A la fecha actual del 19 de octubre, los contagios en el Paraguay, según los datos del Ministerio de Salud, son 56.073. En el Departamento Central, donde se ubica Ypacaraí, los casos han sido, a la misma fecha, 23.762. En la ciudad de Ypacaraí se han registrado 178 casos, una incidencia del 0,6 % de la población del distrito y del 0,7 % de todos los casos positivos del Departamento Central. Los datos muestran la maduración de una cierta conciencia de la población, aunque todavía se necesita un cambio en el estilo de vida de las personas, sea con relación al COVID, sea, sobre todo, con referencia al dengue. En efecto, es esta la epidemia que generalmente satura el sistema sanitario local.

El año pasado hubo 2.200 casos, con una alta tasa de infestación en la ciudad que alcanzó el 34 %. La prevención depende mucho de la conciencia de la gente, en mantener limpio el propio patio y la propia casa para no permitir que se reproduzcan los mosquitos, que transmiten la enfermedad.
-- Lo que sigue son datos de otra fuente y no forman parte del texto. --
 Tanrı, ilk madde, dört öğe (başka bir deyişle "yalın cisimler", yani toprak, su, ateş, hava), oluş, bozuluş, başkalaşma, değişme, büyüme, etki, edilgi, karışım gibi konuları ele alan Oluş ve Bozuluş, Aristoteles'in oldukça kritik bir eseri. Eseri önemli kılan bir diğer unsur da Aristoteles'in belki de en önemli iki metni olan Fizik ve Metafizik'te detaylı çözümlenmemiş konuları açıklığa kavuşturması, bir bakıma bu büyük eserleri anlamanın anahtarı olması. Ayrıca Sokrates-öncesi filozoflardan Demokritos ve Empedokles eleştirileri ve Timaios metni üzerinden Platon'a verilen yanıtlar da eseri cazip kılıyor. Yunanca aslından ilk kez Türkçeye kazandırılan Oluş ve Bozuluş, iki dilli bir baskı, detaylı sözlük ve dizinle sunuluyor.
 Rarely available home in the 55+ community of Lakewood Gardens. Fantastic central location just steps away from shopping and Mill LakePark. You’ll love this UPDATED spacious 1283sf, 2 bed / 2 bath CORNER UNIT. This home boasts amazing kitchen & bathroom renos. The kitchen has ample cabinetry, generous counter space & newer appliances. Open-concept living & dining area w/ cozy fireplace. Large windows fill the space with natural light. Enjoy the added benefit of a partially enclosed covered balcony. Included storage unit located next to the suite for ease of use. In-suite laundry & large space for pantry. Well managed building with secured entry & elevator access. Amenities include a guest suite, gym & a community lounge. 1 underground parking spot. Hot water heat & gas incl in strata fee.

También para el dengue ha sido hecho un trabajo de sensibilización y el índice de infestación larvaria actual es de 2,4 %, y, a este propósito, le agradezco a la parroquia porque, como escucho a menudo, siempre se compromete a hablar con los fieles sobre estos temas. Con la próxima temporada de las lluvias, sin embargo, el riesgo se presenta de nuevo y la combinación del dengue con el COVID, además, sería desastroso.

En ámbito de política de salud pública, la participación social es siempre necesaria, porque todos somos responsables de la salud nuestra y de los demás. En este sentido, otro factor que debe cambiar culturalmente atañe a la alimentación, de la que dependen enfermedades como la hipertensión y la diabetes, entre las más difundidas en el Paraguay, con una mortalidad muy alta. Cambiar la alimentación es una de las cosas más difíciles. Se necesita insistir sobre el cambio de los estilos de vida para el bien propio y de los demás.

En esto la parroquia puede ayudar mucho, sea en continuar la sensibilización que ya desarrolla tratando de estos temas con los fieles, sea en continuar con el sostén espiritual, muy importante para nosotros médicos y enfermeros, y por lo cual le agradecemos al equipo de la parroquia y al P. Emilio, también por los mensajes de apoyo que nos han dirigido, acordándose de nosotros, que, a veces con temor y miedo, continuábamos enfrentando la situación.